You can find out more about the time limit rules at financial-ombudsman.org.uk/faqs/all/time-limits-complaints.
Given that, it would seem that the time limit red tape was the only reason the Ombudsman didn’t follow up its initial conclusion that you had been misled. By the sound of what you’ve told me, you may have a reasonable case against the original firm if you decided to take them to court. It’s something you should seek legal advice on.
You tell me you can only afford the ‘no win, no fee’ lawyers but, frankly, in my experience, many are simply claims managers who are only interested in easy accident or compensation claims that require minimal legal work.
You should get a proper legal view of your case’s merits. Citizens Advice may be able to help with this. The charity offers free legal advice through its bureaux across the country. You can find your local Citizens Advice Bureau (CAB) through citizensadvice.org.uk – I’d suggest you make an appointment and get a free legal opinion there.

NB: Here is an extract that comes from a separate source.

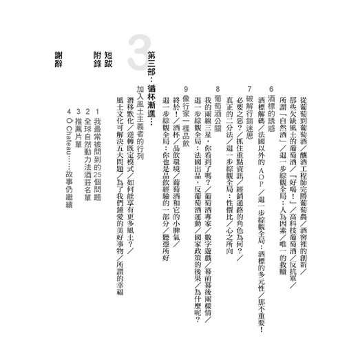 我的兩線三星,你看到了嗎?∕葡萄酒專家∕數字遊戲∕幕前幕後兩樣情∕退一步綜觀全局:法國出品,反葡萄酒運動∕該政策的後果∕為什麼呢?
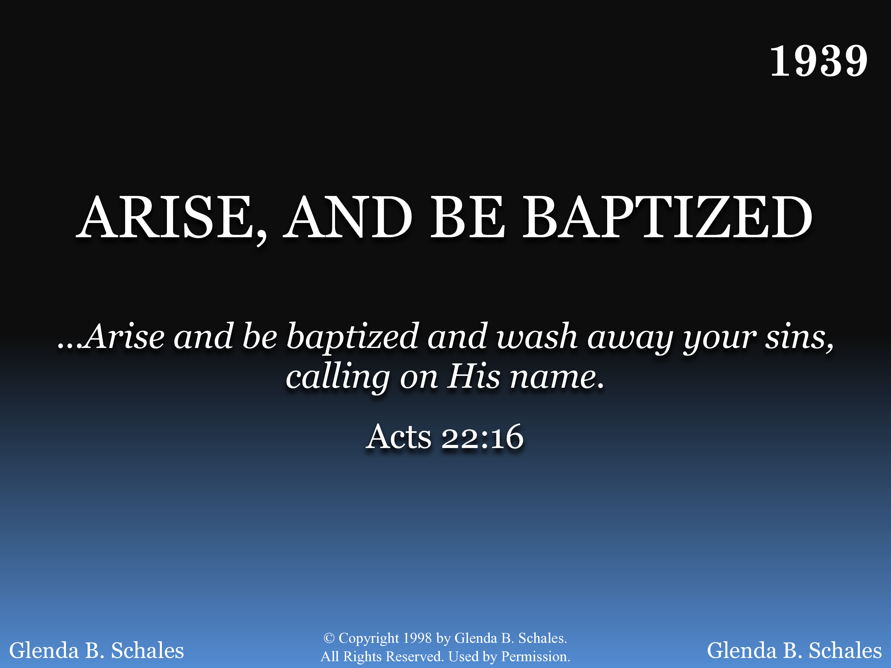 | Key | Value | | Title | ARISE, AND BE BAPTIZED |

It’s also worth trying to track down a decent solicitor. Ask friends if they know of any reputable ones that you may be able to talk to.

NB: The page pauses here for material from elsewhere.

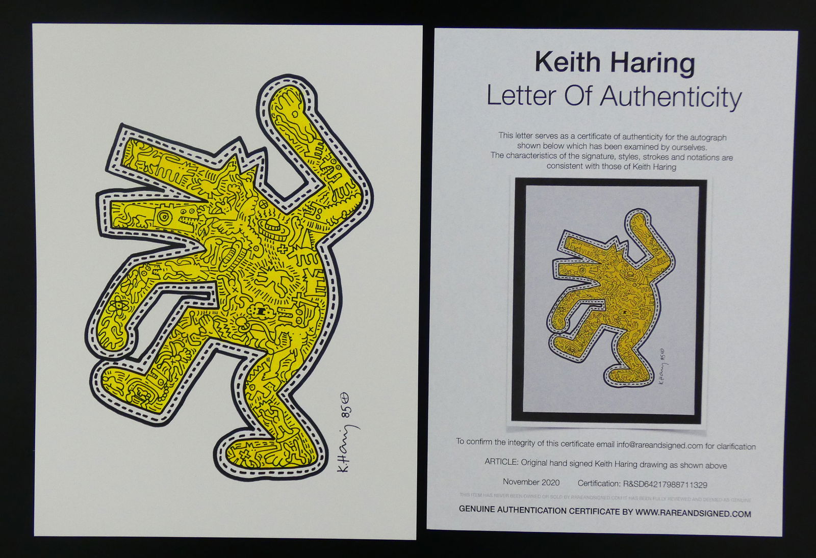 Keith Haring - Yellow Dancing Dog - Drawing - COA

Otherwise, use the ‘Find a Solicitor’ service at solicitors.lawsociety.org.uk to see lawyers in your area and call them to see how much they might charge for an initial interview. It may be worthwhile investing a few hundred quid to find out whether you have a legal case to chase your lost £50,000.
OUTCOME: Reader may need to seek legal advice
My understanding of the FOS per the FS&MA2000 is there are 2 forms of Determination. One is the Compulsory Determination , the other is the Voluntary Determination. The latter can be used where the rules of the FOS under the stricter form cannot be engaged. Perhaps you can challenge the FOS, via the FCA, to be allowed the 2nd form of determination. Seek assistance from the FCA I would suggest.
There are far more bad investment available than good. Even the fund managers get it wrong a good proportion of the time.
I think those investments are allowed to be sold due to deregulation of financial services started by Margaret Thatchers government. More money is around due to what that government started but its even easier to lose what you have saved as an individual. All those Timeshare and unregulated investment Bonds, leasehold managed property investments are too risky and almost certain to fail in the long term.